:: Activity ::
Extract the stretch of lines that starts at the line with "雞蛋蝦仁抱豆腐巨好吃,有幸在親戚家吃過一回,被驚艷到了!!" and ends at the last line of the data below. Give it exactly, without pictures.

◇ ◇ ◇ ◇ ◇

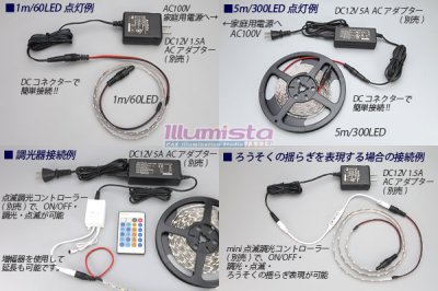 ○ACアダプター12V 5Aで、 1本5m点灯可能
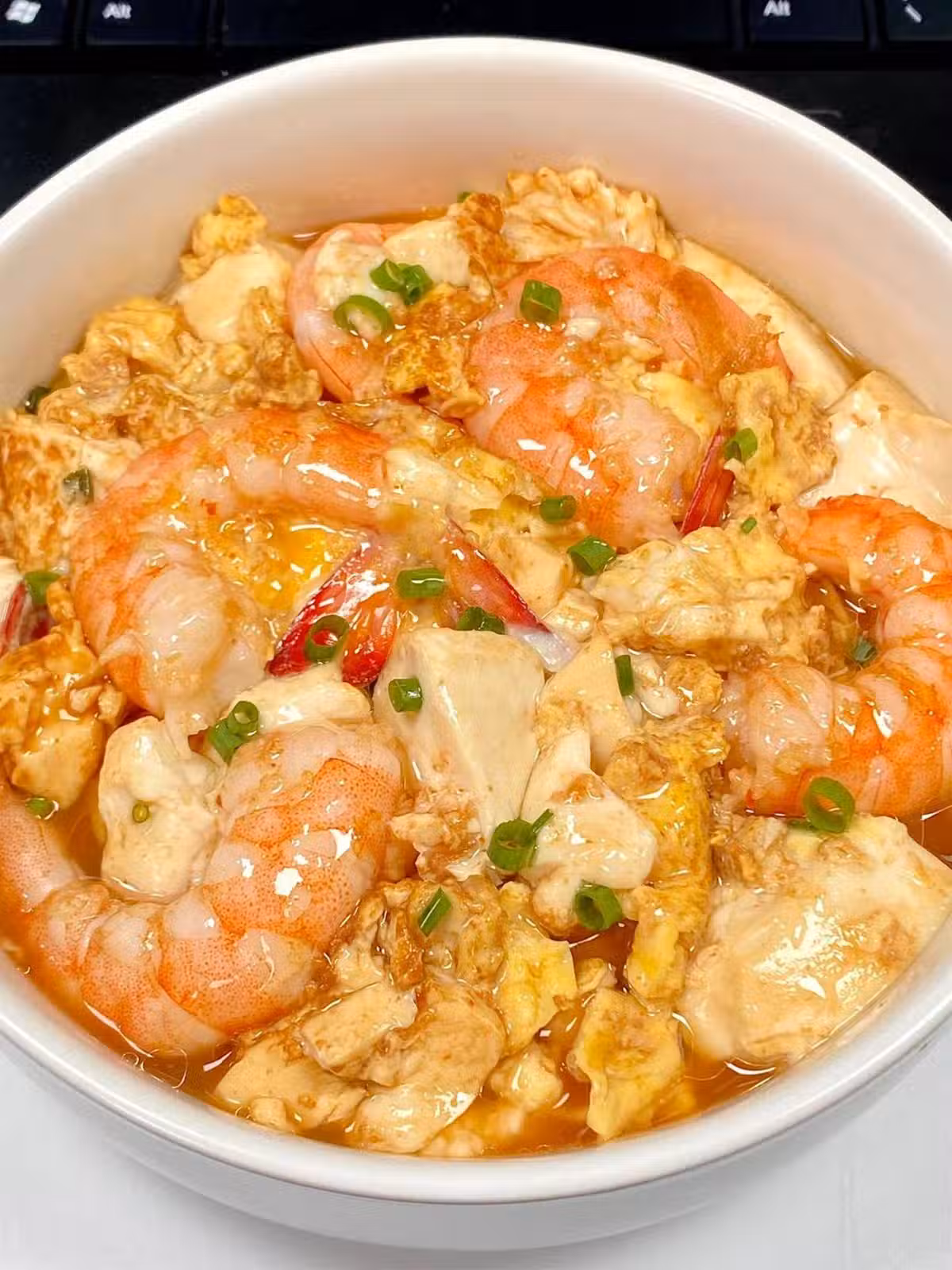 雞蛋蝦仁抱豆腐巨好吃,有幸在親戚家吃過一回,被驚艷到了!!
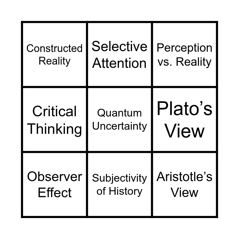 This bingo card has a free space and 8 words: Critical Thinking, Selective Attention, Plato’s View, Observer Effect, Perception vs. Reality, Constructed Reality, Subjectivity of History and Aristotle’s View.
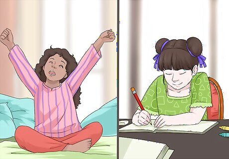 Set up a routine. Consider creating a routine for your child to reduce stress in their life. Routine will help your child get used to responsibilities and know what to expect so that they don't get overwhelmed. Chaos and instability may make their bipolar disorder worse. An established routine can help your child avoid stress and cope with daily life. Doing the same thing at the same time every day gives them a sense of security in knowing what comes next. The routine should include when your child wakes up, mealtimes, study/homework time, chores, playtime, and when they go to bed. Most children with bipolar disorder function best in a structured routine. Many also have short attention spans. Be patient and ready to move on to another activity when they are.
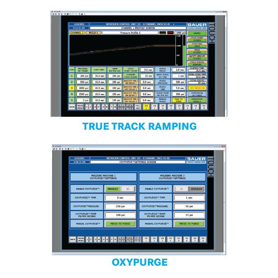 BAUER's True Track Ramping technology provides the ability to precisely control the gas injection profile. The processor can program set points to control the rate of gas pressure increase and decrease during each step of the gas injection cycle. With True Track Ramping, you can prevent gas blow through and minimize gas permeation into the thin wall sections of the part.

◇ ◇ ◇ ◇ ◇

:: Answer section ::
 雞蛋蝦仁抱豆腐巨好吃,有幸在親戚家吃過一回,被驚艷到了!!
 This bingo card has a free space and 8 words: Critical Thinking, Selective Attention, Plato’s View, Observer Effect, Perception vs. Reality, Constructed Reality, Subjectivity of History and Aristotle’s View.
 Set up a routine. Consider creating a routine for your child to reduce stress in their life. Routine will help your child get used to responsibilities and know what to expect so that they don't get overwhelmed. Chaos and instability may make their bipolar disorder worse. An established routine can help your child avoid stress and cope with daily life. Doing the same thing at the same time every day gives them a sense of security in knowing what comes next. The routine should include when your child wakes up, mealtimes, study/homework time, chores, playtime, and when they go to bed. Most children with bipolar disorder function best in a structured routine. Many also have short attention spans. Be patient and ready to move on to another activity when they are.
 BAUER's True Track Ramping technology provides the ability to precisely control the gas injection profile. The processor can program set points to control the rate of gas pressure increase and decrease during each step of the gas injection cycle. With True Track Ramping, you can prevent gas blow through and minimize gas permeation into the thin wall sections of the part.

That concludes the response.